Your goal → Using the data below, restate exactly every line from the one with "Clover Valley School" up to and including the one with "Boho Burlap Bamboo". No picture belongs in it.

Task inputs →
⁂
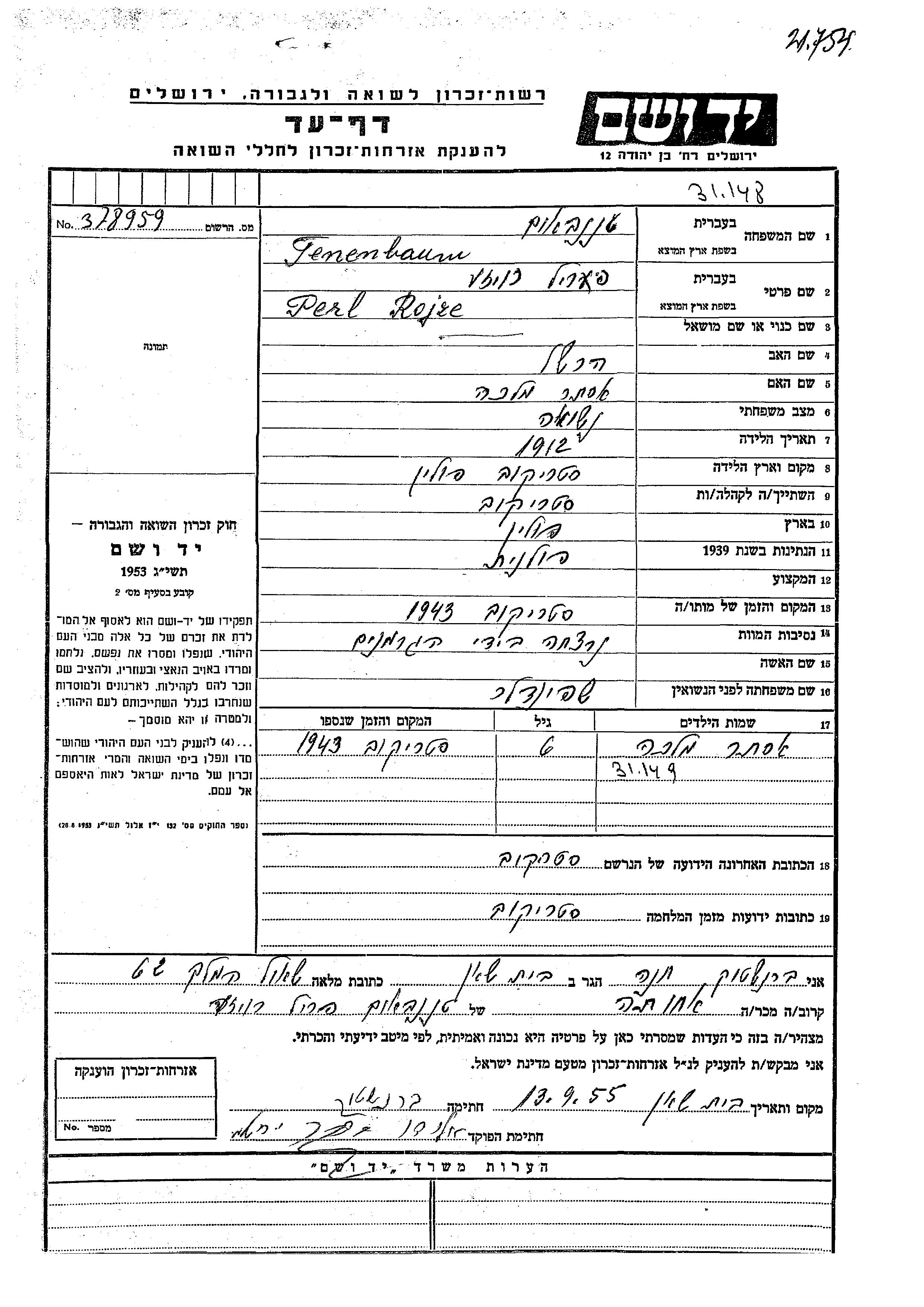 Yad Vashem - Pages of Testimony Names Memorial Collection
⁂
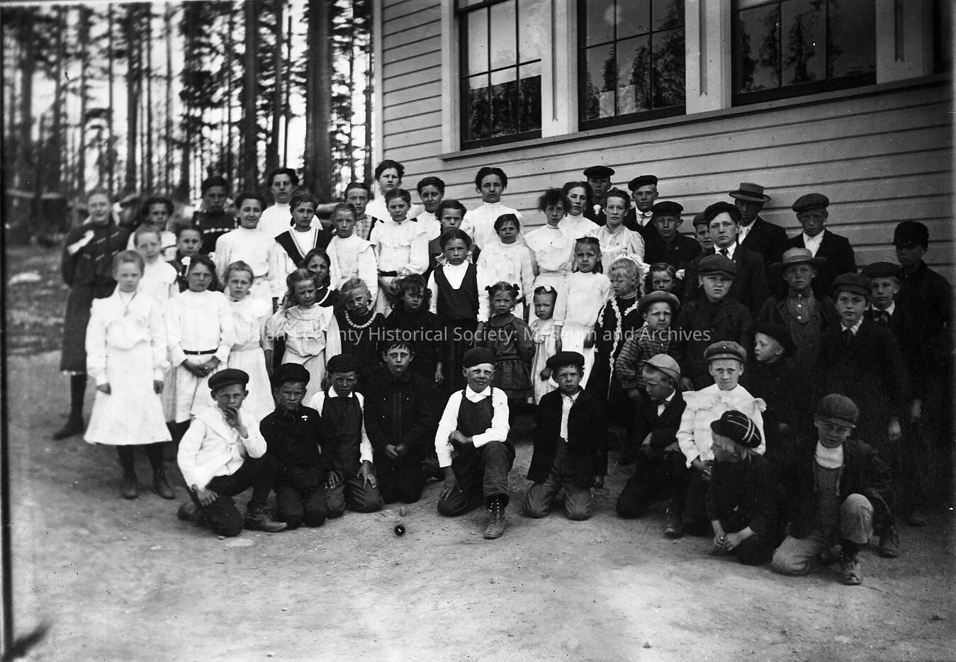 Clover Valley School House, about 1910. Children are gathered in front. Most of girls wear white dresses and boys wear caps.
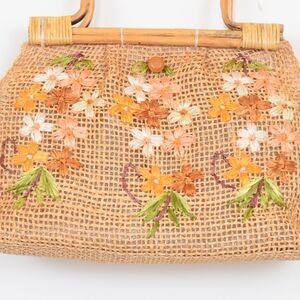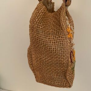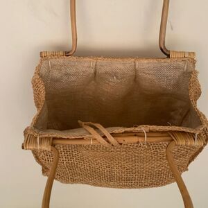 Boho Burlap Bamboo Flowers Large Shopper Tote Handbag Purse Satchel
⁂
Expected answer →
 Clover Valley School House, about 1910. Children are gathered in front. Most of girls wear white dresses and boys wear caps.
 Boho Burlap Bamboo Flowers Large Shopper Tote Handbag Purse Satchel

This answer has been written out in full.